* **Given information**:
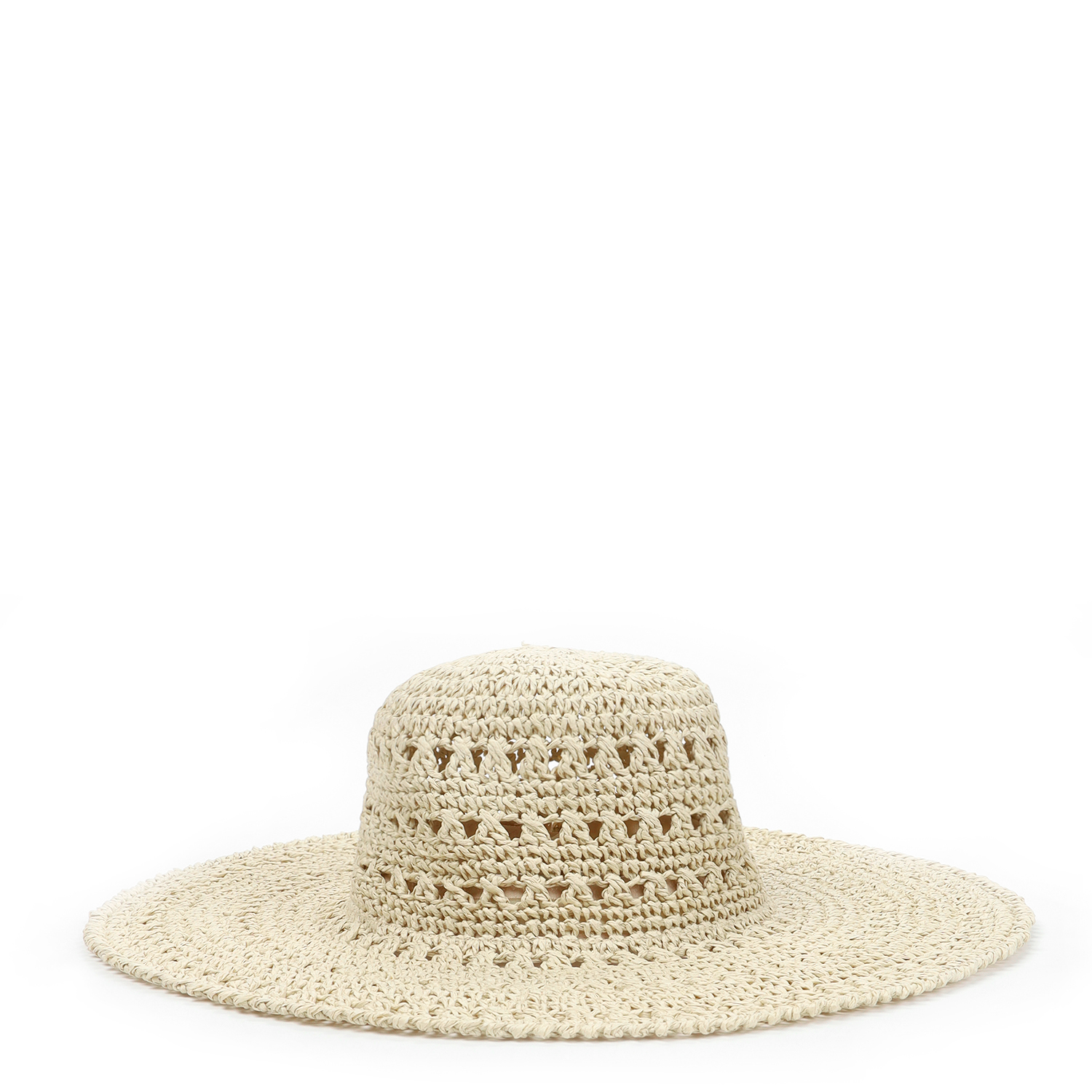 Летняя широкополая женская шляпа итальянского бренда FABRETTI выполнена в стиле «кроше», имитирующем вязаные узоры, в молочном цвете.
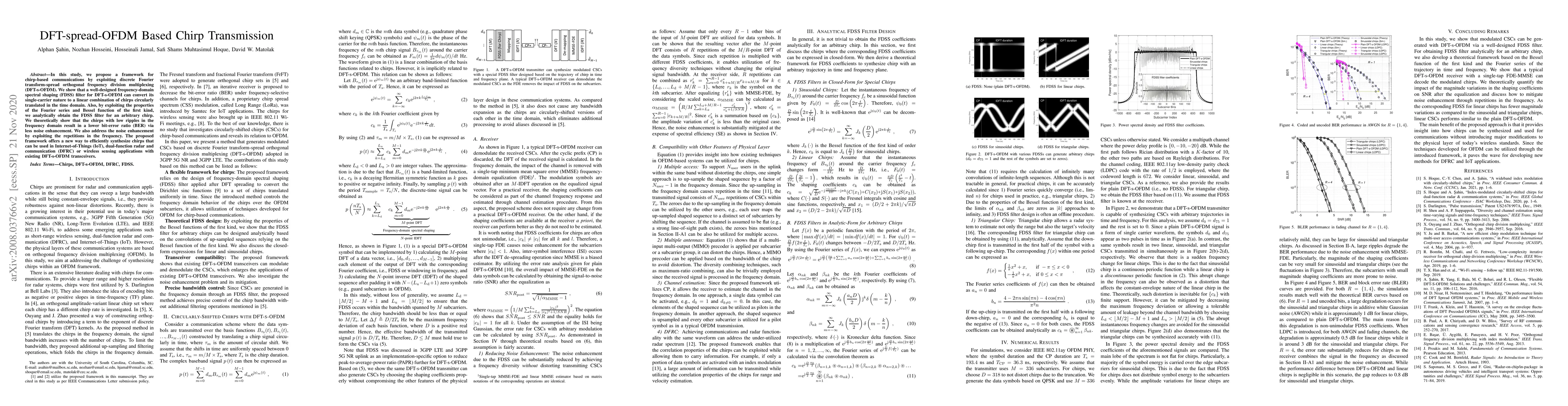 This paper proposes a DFT-spread-OFDM framework for chirp-based communications, utilizing a frequency-domain spectral shaping filter to convert single-carrier OFDM into chirps. The study demonstrates that chirps with low frequency domain ripples enhance communication efficiency by reducing noise enhancement, thus improving bit-error ratio.
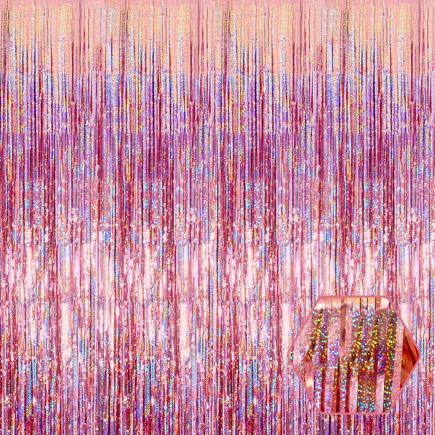 3 Pack Rose Gold Foil Fringe Curtain Backdrop, 3.28Ft X 8.2Ft Metallic Tinsel Foil Fringe Streamer Curtains For Photo Booth, Val
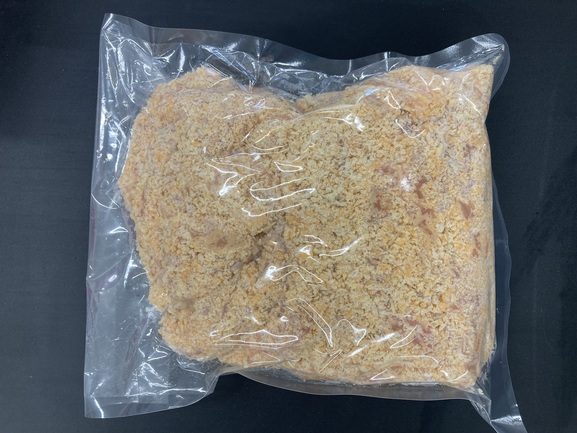 鶏肉(国産)、パン粉、小麦粉、馬鈴薯澱粉、食塩、砂糖、こしょう、植物性たん白、ぶどう糖/加工澱粉、調味料(アミノ酸)、膨張剤、香辛料抽出物、イーストフード、V.C、(一部に小麦・大豆・鶏肉を含む)
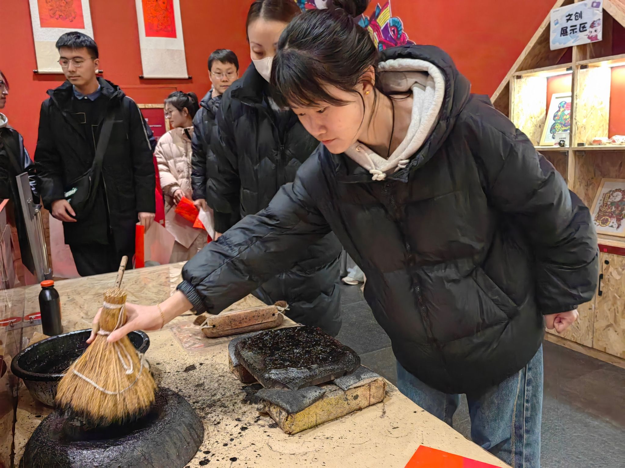 在讲解员的带领下,党员同志们参观了博物馆的主要展厅,全方位探索了开封长达八千多年的发展历程。从古代的政治变迁到经济的发展脉络,从科技的进步到文化的繁荣,再从艺术的辉煌到民生的发展,这些历史片段在眼前一一展现,仿佛穿越时空,亲身感受到了历史的发展和时代的风云变幻。师生党员在参观过程中,纷纷在北宋的“开封府题名记”碑、大晟夷则铜编钟、宋钧窑玫瑰紫窑变瓷碗等重要历史文物前驻足欣赏、认真观摩。活动最后,同学们还沉浸式体验了朱仙镇木版年画的印制过程。

* **What you are asked to do**: Your answer must be the exact lines of the records from the first one through the line containing "3 Pack Rose", with no pictures in it.

* **Response area**:
 Летняя широкополая женская шляпа итальянского бренда FABRETTI выполнена в стиле «кроше», имитирующем вязаные узоры, в молочном цвете.
 This paper proposes a DFT-spread-OFDM framework for chirp-based communications, utilizing a frequency-domain spectral shaping filter to convert single-carrier OFDM into chirps. The study demonstrates that chirps with low frequency domain ripples enhance communication efficiency by reducing noise enhancement, thus improving bit-error ratio.
 3 Pack Rose Gold Foil Fringe Curtain Backdrop, 3.28Ft X 8.2Ft Metallic Tinsel Foil Fringe Streamer Curtains For Photo Booth, Val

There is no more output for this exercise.